One Regulation Is Painless. A Million of Them Hurt. By Megan McArdle
“In one year,” wrote Warren Meyer in 2015, “I literally spent more personal time on compliance with a single regulatory issue -- implementing increasingly detailed and draconian procedures so I could prove to the State of California that my employees were not working over their 30-minute lunch breaks -- than I did thinking about expanding the business or getting new contracts.”
Meyer is the owner of a company that runs campgrounds and other recreational facilities on public lands under contract from the government. It doesn’t seem like regulatory compliance should be eating up so much of his time; he is not producing toxic chemicals, operating a nuclear facility, or engaged in risky financial transactions that might have the side effect of sending our economy into a tailspin. He’s just renting people places to pitch a tent or park an RV, or selling them sundries. Nonetheless, the government keeps piling on the micromanagement lest some employee, somewhere, miss a lunch break.
I know what you’re going to say: Employees should have lunch breaks! My answer is “Yes, but.…” Yes, but putting the government in charge of ensuring that they get them, and forcing companies to document their compliance, has real costs.

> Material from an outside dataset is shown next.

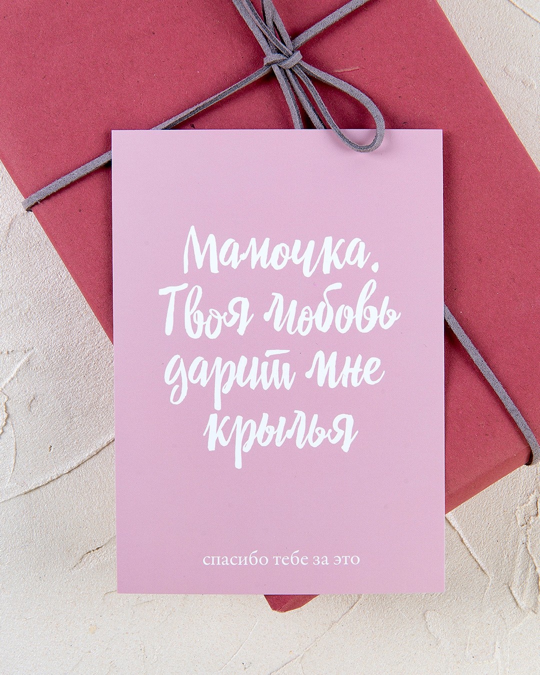 Нежная и воздушная открытка «Мамочка, твоя любовь дарит мне крылья» похожа на румяные щечки или самое нежное платье из розового сатина. Сочетание приглушенного розового и белого цветов с каллиграфическим шрифтом вызывает ассоциации с легкостью, девичеством, поцелуями в щеку и первыми крыльями, подаренными мамой – из проволочного каркаса и тюлевой занавески.

They add up.
An economy with but one regulation -- employees must be allowed a 30-minute lunch break, and each company has to document that it has been taken -- would probably not find this much of a drag on growth. But multiply those regulations by thousands, by millions, and you start to have a problem.
A new working paper from the Mercatus Center attempts to document the cumulative cost of all these regulations. It finds that the growth of regulation between 1977 and 2012 has shaved about 0.8 percent off the rate of growth, costing the nation a total of $4 trillion worth of GDP.
Stories like Meyer’s are the tangible face of the economic theory. As is the fact that in the annual small business survey by the National Federation of Independent Business, taxes and government red tape are far and away the biggest issues that business owners cite as their most important problems. Forty-three percent of those surveyed cited one of the two as their top issue.
That matters, and not just because of business owners’ headaches. The burden of regulation is not distributed symmetrically. It falls heaviest on firms that deal with dangerous substances, yes. But it also falls most heavily on smaller businesses, which cannot afford staffs of pricey compliance specialists to make sure that their desk chairs meet the new California workplace seating requirements. This may help explain why the number of firms is falling, and markets are consolidating.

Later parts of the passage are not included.